Cette nuance apportée, j’insiste sur le fait que je ne cherche pas ici à dédouaner Microsoft de responsabilités évidentes, mais simplement à distinguer ce qui est avéré de ce qui est possible. Tout en rappelant aussi que, en Chine par exemple, Firefox a lui aussi collaboré (CNNIC accepté par Mozilla comme autorité de certification)
[Mis à part, à ma connaissance, Google Chrome utilise les certificats de Windows, donc les mêmes que ceux qu’utilisent IE, mais ceci n’est bien sût pas une critique vis-à-vis de Google qi, sur ce coup tout au moins, ne peut être accusé de collaboration].
Je demeure convaincu que la police du net avait plus d’un tour dans son sac pour pirater à large échelle les comptes des internautes tunisiens (autre que la « vieille » méthode consistant à engager à la prestation des hackers étrangers). Je doute que des cyberactivistes n’utilisant pas IE ou Google Chrome et habitués à devoir faire preuve de vigilance (LBN, Sofiene Chourabi, etc.) ont vu leurs comptes hackés parce qu’ils auraient simplement validé à la va-vite ces alertes.
De façon plus évidente encore, pour ce qui est de Facebook, il ne faut pas oublier non plus que nombre d’internautes tunisiens se connectaient à Facebook sans passer par le https (et donc, ici, les opérations de phishing qui ont eu lieu n’ont pas de lien avec les certifications et donc avec Microsoft). L’intervention très médiatisée des responsables sécurité de Facebook pour imposer le https est venue assez tardivement.
Merci à nouveau pour cette précieuse enquête (heureusement que des personnes comme vous prennent la peine de s’attarder sur ce type de problème) qui, je l’espère, conduira à davantage encore d’éclaircissements à l’avenir.
Cela prouve en effet que Microsoft a donné un blanc-seing au gouvernement tunisien pour certifier les sites tunisiens à sa guise
Non, non, pas que Tunisiens, ils étaient en mesure de faire de faux certificats pour de faux Facebook ou de faux Gmail aussi ;-) Et là, c’est pas vraiment ordinaire de laisse faire ça :D
Sinon, si votre point consiste à dire qu’il y a eu plein d’autres techniques utilisées et plein d’autres technologies au service de Ben Ali, oui, c’est certain, on en a chopé pas mal d’autres d’ailleurs, mais dans cet article on s’attarde sur le rôle joué par Microsoft.

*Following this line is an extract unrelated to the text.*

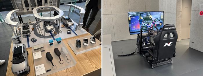 현대자동차 오사카 CXC(고객경험센터) 내 전시된 HMGICS(현대차그룹 싱가포르 혁신센터) 모형 및 차량 굿즈(왼쪽)와 아이오닉 5 N의 드라이빙 시뮬레이션 체험 공간(오른쪽) ⓒ데일리안 편은지 기자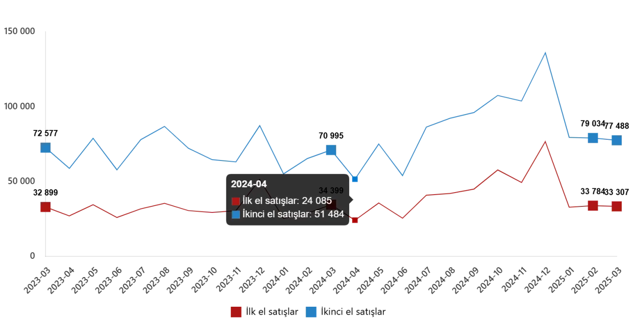 Türkiye genelinde ikinci el konut satış sayısı mart ayında bir önceki yılın aynı ayına göre yüzde 9,1 oranında artarak 77 bin 488 oldu. Toplam konut satışları içinde ikinci el konut satışının payı yüzde 69,9 oldu. İkinci el konut satışları Ocak-Mart döneminde ise bir önceki yılın aynı dönemine göre yüzde 23,3 oranında artarak 235 bin 910 olarak gerçekleşti.

Quand au formations, elles concernent les agents en charge de la cyber sécurité du ministère de l’intérieur. Vous m’avez l’air de connaitre un peu la Tunisie, ça devrait vous suffire, non ?
On est en 2006, vous formez les cyber flics du ministère de l’intérieur en Tunisie… soit vous êtes complètement con, soit vous savez très bien ce que vous faites et quelles en seront les conséquences…
Oops, désolé, je voulais bien sûr écrire « certains d’entre eux ».
Argh, j’ai eu un problème lors de l’envoi de ma réponse (je n’avais pas mentionné mon nom et ps moyen de revenir en arrière pour récupérer le commentaire), dont je ne retrouve plus la trace :-(
Pas le courage de la réécrire dans les détails, mais disons que je suis d’accord avec vous sur le fond, que je partage vos soupçons, mais que je persiste à penser qu’on a besoin de plus d’infos sur le type de criminalité contre laquelle Microsoft formait des « experts » tunisiens. Si on a la preuve qu’il s’agissait aussi explicitement, en toute connaissance de cause, de les aider à mieux étouffer les voix alternatives, alors c’est ici selon moi que se situerait le plus grand scandale (car il s’agirait bien plus encore qu’un blanc seing). Si on obtientdes révélations concrètes sur la taille, la composition et l’organisation des effectifs de la cyberpolice tunisienne (les responsables de l’ATI ne cessant de répéter qu’ils n’étaient pas en contact avec celle-ci, qui utilisaient néanmoins ses machines), alors peut-être y verra-t-on un peu plus clair à ce sujet.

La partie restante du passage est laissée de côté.